Photos by Lisa Culp Musgrave who has also done or coordinated much of the pollinating, caging and monitoring since she joined the Somme Team in 2008. Lisa is now a respected member of the U. S. Fish & Wildlife Service's orchid recover program. She has done "how to" presentations at conferences and trained many new "orchid stewards." 
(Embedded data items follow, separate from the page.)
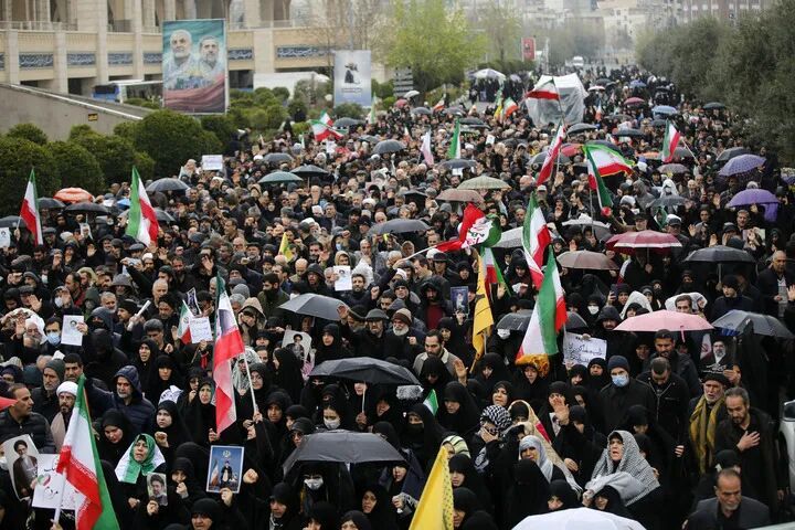 3月20日,在伊朗齐门德黑兰,东说念主们参加伊朗谍报部长伊斯梅尔·哈提卜过甚家东说念主的遗体告别庆典。新华社发
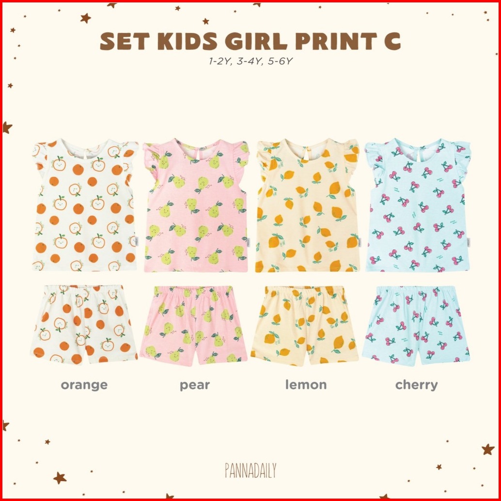 Bohopanna - Pannadaily - Set Kids Girl Print - Fruits Series - Baju Setelan Anak Perempuan
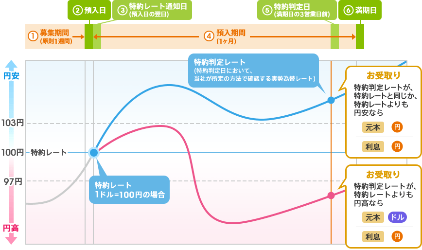 預入後に当社が設定する特約レートと特約判定日(満期日3営業日前)の実勢為替レートを比較して、満期時の元本のお受取通貨が決定します。実勢為替レートが特約レートより円安もしくは同値となった場合は円で、円高となった場合は外貨で払戻します。
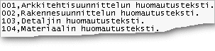Yleisten huomautusten lisäksi voit lisätä piirustukseen projektikohtaisia huomautuksia, jotka valitset projektin alla olevasta tietokannasta NSONOTES. Voit määrittää huomautukset tietokantaan omille riveilleen, tai tuoda huomautukset CSV-tiedostomuodossa. Muokkaa projektikohtaisia huomautuksia seuraavasti:
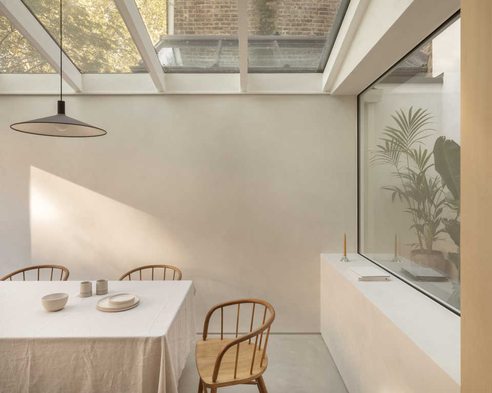 The relationship with natural light was pivotal to the scheme and the extension benefits from a triple outlook: a large sliding door on the rear elevation, an expanse of roof glazing on the side return and a glazed window to the newly formed courtyard — each providing glimpses of greenery from new planters or existing mature trees.
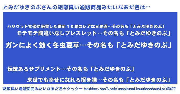 | ヘコむあだ名 | 『とみだゆきのぶ(震え声)』『とみにゅー』 |
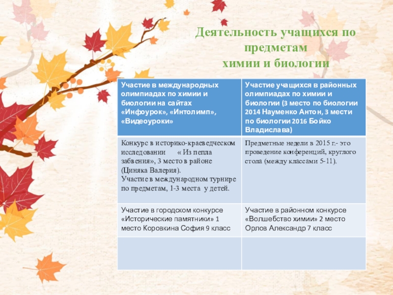 Деятельность учащихся по предметам химии и биологии
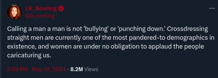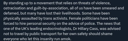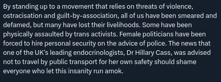 “But endlessly unpleasant as its constant targeting of me has been, I refuse to bow down to a movement that I believe is doing demonstrable harm in seeking to erode ‘woman’ as a political and biological class and offering cover to predators like few before it.”35
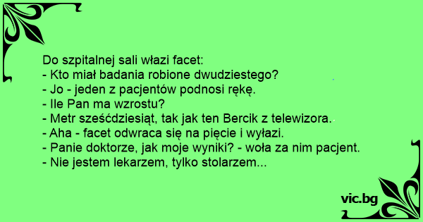 Во болница: - Колку си висок ? - 180 сантими докторе. - А бе не сум доктор, гробар сум...
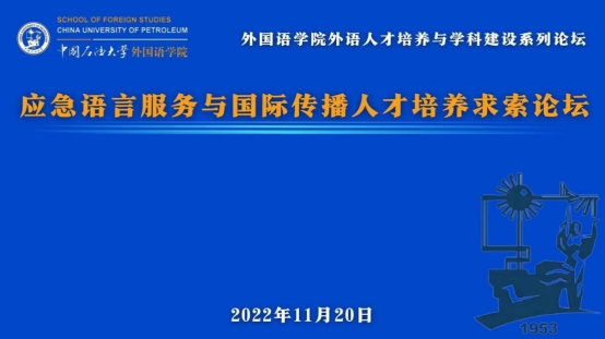2022年11月20日下午,由中国石油大学(华东)欧冠直播官网主办的“应急语言服务与国际人才培养求索论坛”在线顺利举行。本次论坛特邀香港理工大学博士生导师冯德正副教授、外交学院副校长孙吉胜教授、华中师范大学欧冠直播官网院长罗良功教授、山东大学欧冠直播官网副院长李建刚教授、北京外国语大学博士生导师刘红艳教授、福州大学博士生导师陈小慰教授、海南大学欧冠直播官网院长金山教授作大会主旨报告。来自全国30多所高校和科研院所的300余名专家学者和研究生在线参加论坛。论坛由中国石油大学(华东)韩淑芹教授、韩辉副教授、郭月琴教授和赵春霞副教授主持。
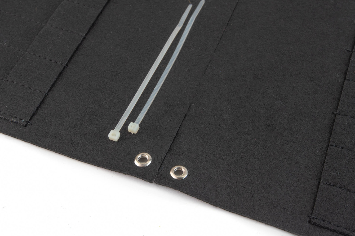 Gli occhielli metallici distribuiti sul supporto consentono il fissaggio a parete. Permettono inoltre di collegare più supporti tra loro per coprire facilmente una superficie più ampia.
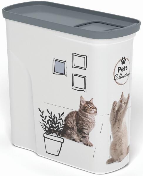 CURVER jutalomfalat tároló doboz 1,5kg/2L cicás 254868 (04346-E26) Magas minőségű műanyagból készült stílusos állateledel tároló, kedvence legnagyobb örömére. A termék tetején lévő fedélnek köszönhetően könnyedén tudja kiönteni a tárolóban lévő eledelt, kedvence számára. Mérgező anyagot NEM tartalmaz, így az állateledel semmilyen káros anyagot nem tud átvenn
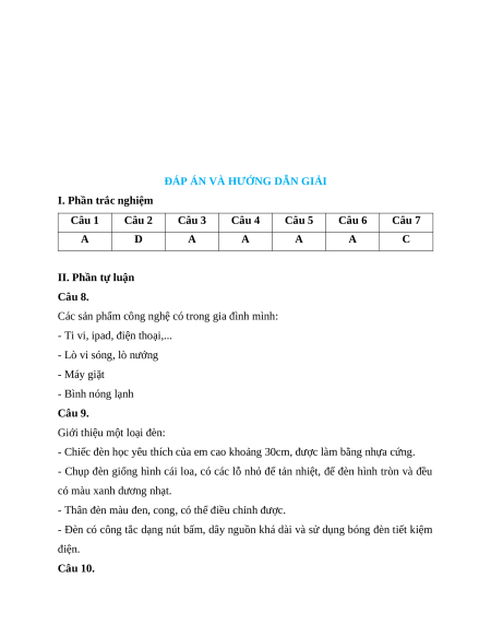 Câu 8 (1 điểm). Em hãy kể tên những sản phẩm công nghệ có trong gia đình mình.
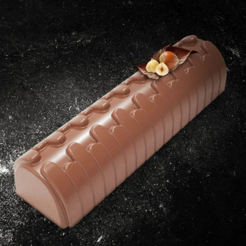 Grâce à ce moule à bûche courte Nazaré, vous pourrez réaliser des glaces et des bûches glacées que vous pourrez ensuite décorer d’un glaçage miroir, de décors de bûche comestibles et des traditionnels décors de bûches non comestibles.
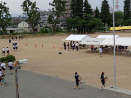 体育大会 準備 公開日 2022/05/26 更新日 2022/05/26 学校だより 団ごとにテントへ椅子を持って移動しています。予定どおりに体育大会を行う準備をすすめています。 昨日の予行練習では、プログラムがスムーズに進みました。今日も予定の時刻より20分程度早まることが予想されますので、早めのご来校をお願いいたします。
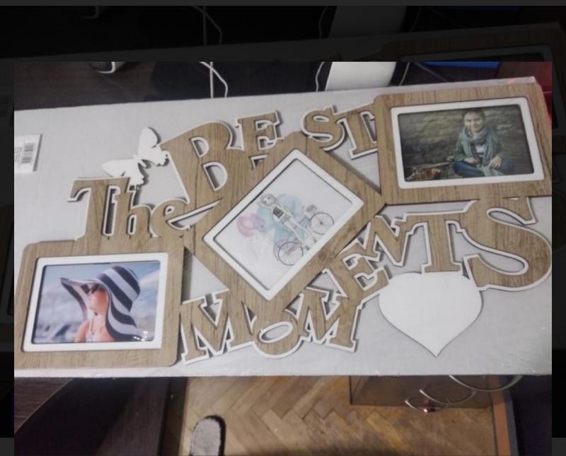 Фоторамка колаж "Best Moments" нова, повністю запечатана. Розмір - 64х33 див. 3 рамки розміром 10*15 Матеріал - двп, світле дерево
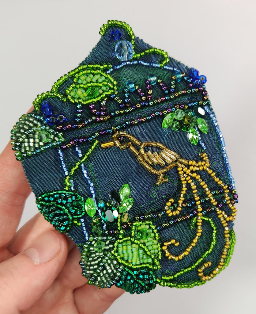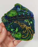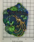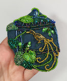 Handmade beaded velvet badge featuring an intricate bird motif with rich green, blue, and gold beadwork, crystal accents, and layered embroidery on deep blue fabric. Backed with soft velvet for a luxe finish. Perfect as a statement patch for coats, bags, costumes, or display.
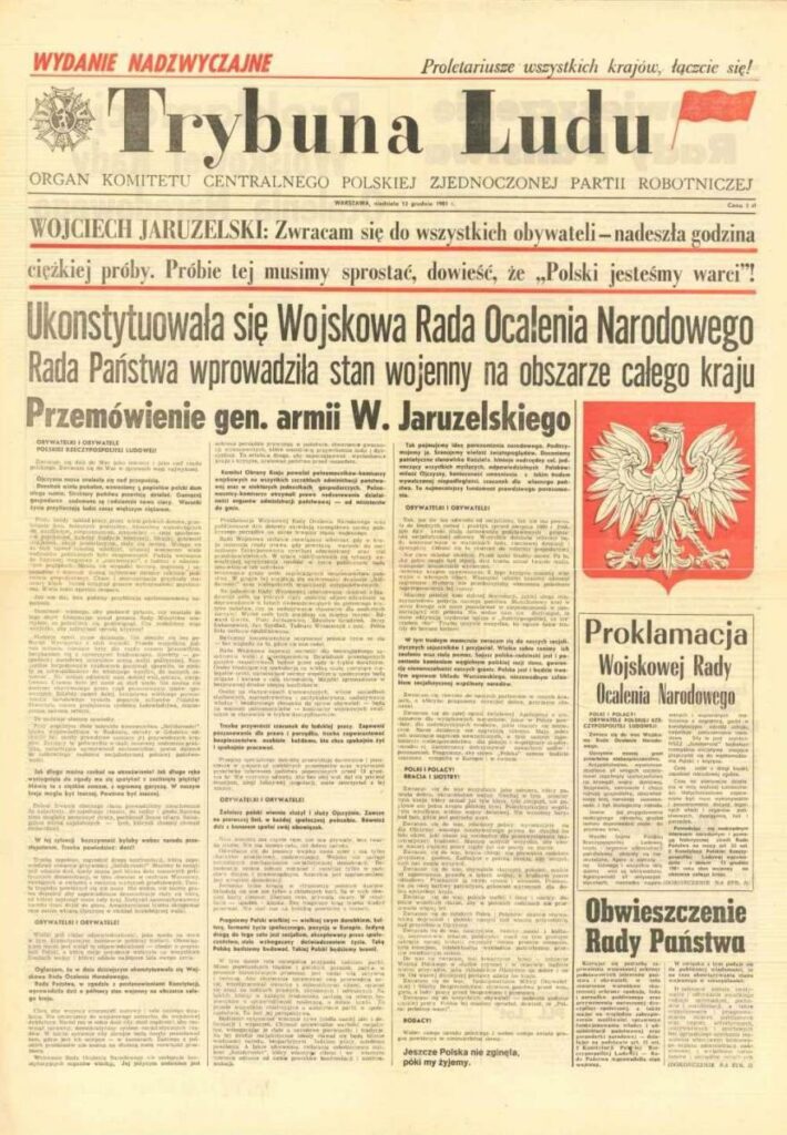Wielki jest ciężar odpowiedzialności, jaka spada na mnie w tym dramatycznym momencie polskiej historii. Obowiązkiem moim jest wziąć tę odpowiedzialność - chodzi o przyszłość Polski, o którą moje pokolenie walczyło na wszystkich frontach wojny i której oddało najlepsze lata swego życia. Ogłaszam, że w dniu dzisiejszym ukonstytuowała się Wojskowa Rada Ocalenia Narodowego. Rada Państwa, w zgodzie z postanowieniami Konstytucji, wprowadziła dziś o północy stan wojenny na obszarze całego kraju. Chcę, aby wszyscy zrozumieli motywy i cele naszego działania. Nie zmierzamy do wojskowego zamachu, do wojskowej dyktatury. Naród ma w sobie dość siły, dość mądrości, aby rozwinąć sprawny, demokratyczny system socjalistycznych rządów. W takim systemie siły zbrojne będą mogły pozostawać tam, gdzie jest ich miejsce - w koszarach. Żadnego z polskich problemów nie można na dłuższą metę rozwiązać przemocą. Wojskowa Rada Ocalenia Narodowego nie zastępuje konstytucyjnych organów władzy. Jej jedynym zadaniem jest ochrona porządku prawnego w państwie, stworzenie gwarancji wykonawczych, które umożliwią przywrócenie ładu i dyscypliny. To ostatnia droga, aby zapoczątkować wychodzenie kraju z kryzysu, uratować państwo przed rozpadem. Komitet Obrony Kraju powołał pełnomocników-komisarzy wojskowych na wszystkich szczeblach administracji państwowej oraz w niektórych jednostkach gospodarczych. Pełnomocnicy-komisarze otrzymali prawo nadzorowania działalności organów administracji państwowej - od ministerstw do gmin.

Rufino’s website: http://rufino-osorio.blogspot.com/

8 comments:

orchidartist said...

I can just hear the orchids say: "Thank you, Steve." "Thank you, Rufino!" My heart is happy. Thank you from me, too, for this beautiful essay. And the wonderful thing is, so many other folks have taken up the banner and are doing restoration at other sites on behalf of these charismatic, sexy plants.

Rufino Osorio said...

Thank you for another excellent post on Chicago area plants and natural areas. Of course, as one of the subjects of your article, I might be a little biased. As to the answer to your question (Leave Nature Alone?), I believe that the level of environmental degradation is such that leaving nature alone is no longer an option.

Anonymous said...

That's a wonderful outcome Steve. I marvel at your patience and persistence. Had you given up after just (!) 21 years, the world would have been worse off. Thanks for another great example of a fantastic restoration process, best wishes Ian

Stephen Packard said...

What a pleasure! A comment by Ian Lunt. For anyone who hasn't seen it, Ian's blog provides a peek into Australian savanna restoration - http://ianluntresearch.wordpress.com/. Fine graphics support fun and wise writing. When Bernie Buchholz of Nachusa introduced me to Ian's blog, I quickly deleted most of my dull earlier efforts and tried to do better. It's amazing to see parallels and differences between the North American and Australian grasslands.

Anonymous said...

Stephen, When is your little piece of paradise going to be designated a State Nature Preserve? It seems that with the current leadership of the FPDCC, conveying this designation on Somme Savannah would be prudent. Especially considering the population of the EPFO that now resides at this site.

James

Stephen Packard said...

James, thanks for the compliment. And, yes, permanent dedication as an Illinois Nature Preserve is something that's been discussed for many years and seems to be slowly moving forward. It's a good idea, but it deserves careful thought. This would be the first site where nature preserve dedication would be approved principally on the basis of the successful restoration of a badly damaged community.

Ryan said...

Has the orchid continued to thrive? I'm guessing so or you wouldn't have linked in your more recent post.

Has the burgeoning population of orchids attracted more hawk moths? There must have been a lot of them in a healthy prairie to sustain the orchids. I wonder what limits them now. Among the listed hosts are grapevines, which ought to be common enough. Could favored nighttime nectar sources be scarce?

Stephen Packard said...

Ryan, thanks for the question. Yes, the orchids continue to thrive at the Somme preserves - with one hundred to five hundred plants blooming annually. Yes, the natural pollinators (longer tongued hawk moths) are pollinating many of them these days. Some populations seem to be well pollinated by the hawk moths, some not. It would be great if someone studied them and determined why.

I hope to write a fuller update on this plant one of these days or years.